Records from a dataset:
== Segment start ==

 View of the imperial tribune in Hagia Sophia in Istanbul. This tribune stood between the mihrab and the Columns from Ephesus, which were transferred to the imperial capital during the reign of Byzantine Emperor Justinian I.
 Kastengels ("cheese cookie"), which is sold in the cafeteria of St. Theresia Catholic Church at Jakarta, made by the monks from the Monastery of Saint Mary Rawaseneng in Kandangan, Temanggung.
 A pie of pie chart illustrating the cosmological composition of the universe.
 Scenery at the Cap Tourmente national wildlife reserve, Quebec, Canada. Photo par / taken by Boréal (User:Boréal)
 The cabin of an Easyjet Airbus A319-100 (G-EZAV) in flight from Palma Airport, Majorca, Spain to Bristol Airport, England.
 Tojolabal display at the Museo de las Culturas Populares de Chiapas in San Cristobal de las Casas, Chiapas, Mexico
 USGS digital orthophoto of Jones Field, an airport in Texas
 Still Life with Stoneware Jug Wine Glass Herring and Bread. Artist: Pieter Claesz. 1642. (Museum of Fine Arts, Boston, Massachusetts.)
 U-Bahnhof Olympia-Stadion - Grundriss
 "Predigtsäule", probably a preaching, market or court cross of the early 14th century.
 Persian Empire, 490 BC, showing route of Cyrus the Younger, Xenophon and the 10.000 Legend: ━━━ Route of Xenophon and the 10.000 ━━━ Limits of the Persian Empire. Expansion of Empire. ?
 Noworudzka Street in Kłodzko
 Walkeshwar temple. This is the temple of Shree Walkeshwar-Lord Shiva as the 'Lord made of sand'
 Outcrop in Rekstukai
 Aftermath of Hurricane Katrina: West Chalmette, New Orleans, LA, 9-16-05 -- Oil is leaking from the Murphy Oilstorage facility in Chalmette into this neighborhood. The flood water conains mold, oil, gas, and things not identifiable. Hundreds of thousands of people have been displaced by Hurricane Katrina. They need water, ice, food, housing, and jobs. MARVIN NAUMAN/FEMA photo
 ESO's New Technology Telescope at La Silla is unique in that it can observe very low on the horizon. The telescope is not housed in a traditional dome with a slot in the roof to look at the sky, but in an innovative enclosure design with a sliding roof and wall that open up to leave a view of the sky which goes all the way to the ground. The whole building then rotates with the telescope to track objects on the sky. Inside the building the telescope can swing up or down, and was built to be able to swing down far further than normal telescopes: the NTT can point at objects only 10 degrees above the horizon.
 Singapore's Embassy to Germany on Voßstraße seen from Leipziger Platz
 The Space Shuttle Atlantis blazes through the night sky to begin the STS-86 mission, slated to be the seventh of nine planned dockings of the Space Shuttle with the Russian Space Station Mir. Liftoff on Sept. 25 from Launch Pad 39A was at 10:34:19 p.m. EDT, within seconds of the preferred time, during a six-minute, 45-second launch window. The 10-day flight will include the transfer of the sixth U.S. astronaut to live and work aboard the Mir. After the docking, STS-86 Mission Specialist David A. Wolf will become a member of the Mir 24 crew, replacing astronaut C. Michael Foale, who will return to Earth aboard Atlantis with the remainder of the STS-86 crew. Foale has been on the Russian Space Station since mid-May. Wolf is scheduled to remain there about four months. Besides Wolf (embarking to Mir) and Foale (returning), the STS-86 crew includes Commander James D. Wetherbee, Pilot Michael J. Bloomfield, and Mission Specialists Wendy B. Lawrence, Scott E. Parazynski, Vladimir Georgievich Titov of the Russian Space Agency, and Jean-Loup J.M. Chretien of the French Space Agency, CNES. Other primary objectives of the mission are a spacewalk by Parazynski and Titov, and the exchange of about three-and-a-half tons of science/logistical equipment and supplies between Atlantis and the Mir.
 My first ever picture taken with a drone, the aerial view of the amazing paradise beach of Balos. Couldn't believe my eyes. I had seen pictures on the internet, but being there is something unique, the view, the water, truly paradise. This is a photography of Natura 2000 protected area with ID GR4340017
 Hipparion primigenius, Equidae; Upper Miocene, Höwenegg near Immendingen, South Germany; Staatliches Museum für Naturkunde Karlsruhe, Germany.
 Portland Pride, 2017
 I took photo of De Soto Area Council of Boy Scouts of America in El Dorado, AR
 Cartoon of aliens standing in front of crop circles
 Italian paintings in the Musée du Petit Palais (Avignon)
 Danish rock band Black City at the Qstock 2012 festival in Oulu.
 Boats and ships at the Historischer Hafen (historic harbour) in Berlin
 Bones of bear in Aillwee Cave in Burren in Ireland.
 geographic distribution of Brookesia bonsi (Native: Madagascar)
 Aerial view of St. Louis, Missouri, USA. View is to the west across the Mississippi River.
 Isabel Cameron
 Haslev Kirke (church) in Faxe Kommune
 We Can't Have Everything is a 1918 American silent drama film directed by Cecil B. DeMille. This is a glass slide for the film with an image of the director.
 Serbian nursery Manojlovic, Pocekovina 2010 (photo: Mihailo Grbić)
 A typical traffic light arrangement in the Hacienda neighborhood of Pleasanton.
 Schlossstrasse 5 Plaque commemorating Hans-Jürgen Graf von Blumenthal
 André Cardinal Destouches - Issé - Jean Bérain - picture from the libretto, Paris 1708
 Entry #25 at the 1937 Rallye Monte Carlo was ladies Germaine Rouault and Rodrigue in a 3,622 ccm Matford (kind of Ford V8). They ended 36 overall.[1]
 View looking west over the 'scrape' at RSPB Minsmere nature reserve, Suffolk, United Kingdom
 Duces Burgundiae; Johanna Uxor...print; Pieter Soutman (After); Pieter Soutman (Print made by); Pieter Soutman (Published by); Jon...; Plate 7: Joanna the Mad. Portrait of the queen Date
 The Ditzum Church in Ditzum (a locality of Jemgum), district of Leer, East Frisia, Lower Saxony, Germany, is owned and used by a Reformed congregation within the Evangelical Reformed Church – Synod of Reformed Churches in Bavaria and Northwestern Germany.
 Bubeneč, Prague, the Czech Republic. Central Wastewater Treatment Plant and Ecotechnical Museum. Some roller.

== Segment end ==

■ Task to carry out ■
Your answer should be the data above, retyped exactly.

■ Output for this task ■
 View of the imperial tribune in Hagia Sophia in Istanbul. This tribune stood between the mihrab and the Columns from Ephesus, which were transferred to the imperial capital during the reign of Byzantine Emperor Justinian I.
 Kastengels ("cheese cookie"), which is sold in the cafeteria of St. Theresia Catholic Church at Jakarta, made by the monks from the Monastery of Saint Mary Rawaseneng in Kandangan, Temanggung.
 A pie of pie chart illustrating the cosmological composition of the universe.
 Scenery at the Cap Tourmente national wildlife reserve, Quebec, Canada. Photo par / taken by Boréal (User:Boréal)
 The cabin of an Easyjet Airbus A319-100 (G-EZAV) in flight from Palma Airport, Majorca, Spain to Bristol Airport, England.
 Tojolabal display at the Museo de las Culturas Populares de Chiapas in San Cristobal de las Casas, Chiapas, Mexico
 USGS digital orthophoto of Jones Field, an airport in Texas
 Still Life with Stoneware Jug Wine Glass Herring and Bread. Artist: Pieter Claesz. 1642. (Museum of Fine Arts, Boston, Massachusetts.)
 U-Bahnhof Olympia-Stadion - Grundriss
 "Predigtsäule", probably a preaching, market or court cross of the early 14th century.
 Persian Empire, 490 BC, showing route of Cyrus the Younger, Xenophon and the 10.000 Legend: ━━━ Route of Xenophon and the 10.000 ━━━ Limits of the Persian Empire. Expansion of Empire. ?
 Noworudzka Street in Kłodzko
 Walkeshwar temple. This is the temple of Shree Walkeshwar-Lord Shiva as the 'Lord made of sand'
 Outcrop in Rekstukai
 Aftermath of Hurricane Katrina: West Chalmette, New Orleans, LA, 9-16-05 -- Oil is leaking from the Murphy Oilstorage facility in Chalmette into this neighborhood. The flood water conains mold, oil, gas, and things not identifiable. Hundreds of thousands of people have been displaced by Hurricane Katrina. They need water, ice, food, housing, and jobs. MARVIN NAUMAN/FEMA photo
 ESO's New Technology Telescope at La Silla is unique in that it can observe very low on the horizon. The telescope is not housed in a traditional dome with a slot in the roof to look at the sky, but in an innovative enclosure design with a sliding roof and wall that open up to leave a view of the sky which goes all the way to the ground. The whole building then rotates with the telescope to track objects on the sky. Inside the building the telescope can swing up or down, and was built to be able to swing down far further than normal telescopes: the NTT can point at objects only 10 degrees above the horizon.
 Singapore's Embassy to Germany on Voßstraße seen from Leipziger Platz
 The Space Shuttle Atlantis blazes through the night sky to begin the STS-86 mission, slated to be the seventh of nine planned dockings of the Space Shuttle with the Russian Space Station Mir. Liftoff on Sept. 25 from Launch Pad 39A was at 10:34:19 p.m. EDT, within seconds of the preferred time, during a six-minute, 45-second launch window. The 10-day flight will include the transfer of the sixth U.S. astronaut to live and work aboard the Mir. After the docking, STS-86 Mission Specialist David A. Wolf will become a member of the Mir 24 crew, replacing astronaut C. Michael Foale, who will return to Earth aboard Atlantis with the remainder of the STS-86 crew. Foale has been on the Russian Space Station since mid-May. Wolf is scheduled to remain there about four months. Besides Wolf (embarking to Mir) and Foale (returning), the STS-86 crew includes Commander James D. Wetherbee, Pilot Michael J. Bloomfield, and Mission Specialists Wendy B. Lawrence, Scott E. Parazynski, Vladimir Georgievich Titov of the Russian Space Agency, and Jean-Loup J.M. Chretien of the French Space Agency, CNES. Other primary objectives of the mission are a spacewalk by Parazynski and Titov, and the exchange of about three-and-a-half tons of science/logistical equipment and supplies between Atlantis and the Mir.
 My first ever picture taken with a drone, the aerial view of the amazing paradise beach of Balos. Couldn't believe my eyes. I had seen pictures on the internet, but being there is something unique, the view, the water, truly paradise. This is a photography of Natura 2000 protected area with ID GR4340017
 Hipparion primigenius, Equidae; Upper Miocene, Höwenegg near Immendingen, South Germany; Staatliches Museum für Naturkunde Karlsruhe, Germany.
 Portland Pride, 2017
 I took photo of De Soto Area Council of Boy Scouts of America in El Dorado, AR
 Cartoon of aliens standing in front of crop circles
 Italian paintings in the Musée du Petit Palais (Avignon)
 Danish rock band Black City at the Qstock 2012 festival in Oulu.
 Boats and ships at the Historischer Hafen (historic harbour) in Berlin
 Bones of bear in Aillwee Cave in Burren in Ireland.
 geographic distribution of Brookesia bonsi (Native: Madagascar)
 Aerial view of St. Louis, Missouri, USA. View is to the west across the Mississippi River.
 Isabel Cameron
 Haslev Kirke (church) in Faxe Kommune
 We Can't Have Everything is a 1918 American silent drama film directed by Cecil B. DeMille. This is a glass slide for the film with an image of the director.
 Serbian nursery Manojlovic, Pocekovina 2010 (photo: Mihailo Grbić)
 A typical traffic light arrangement in the Hacienda neighborhood of Pleasanton.
 Schlossstrasse 5 Plaque commemorating Hans-Jürgen Graf von Blumenthal
 André Cardinal Destouches - Issé - Jean Bérain - picture from the libretto, Paris 1708
 Entry #25 at the 1937 Rallye Monte Carlo was ladies Germaine Rouault and Rodrigue in a 3,622 ccm Matford (kind of Ford V8). They ended 36 overall.[1]
 View looking west over the 'scrape' at RSPB Minsmere nature reserve, Suffolk, United Kingdom
 Duces Burgundiae; Johanna Uxor...print; Pieter Soutman (After); Pieter Soutman (Print made by); Pieter Soutman (Published by); Jon...; Plate 7: Joanna the Mad. Portrait of the queen Date
 The Ditzum Church in Ditzum (a locality of Jemgum), district of Leer, East Frisia, Lower Saxony, Germany, is owned and used by a Reformed congregation within the Evangelical Reformed Church – Synod of Reformed Churches in Bavaria and Northwestern Germany.
 Bubeneč, Prague, the Czech Republic. Central Wastewater Treatment Plant and Ecotechnical Museum. Some roller.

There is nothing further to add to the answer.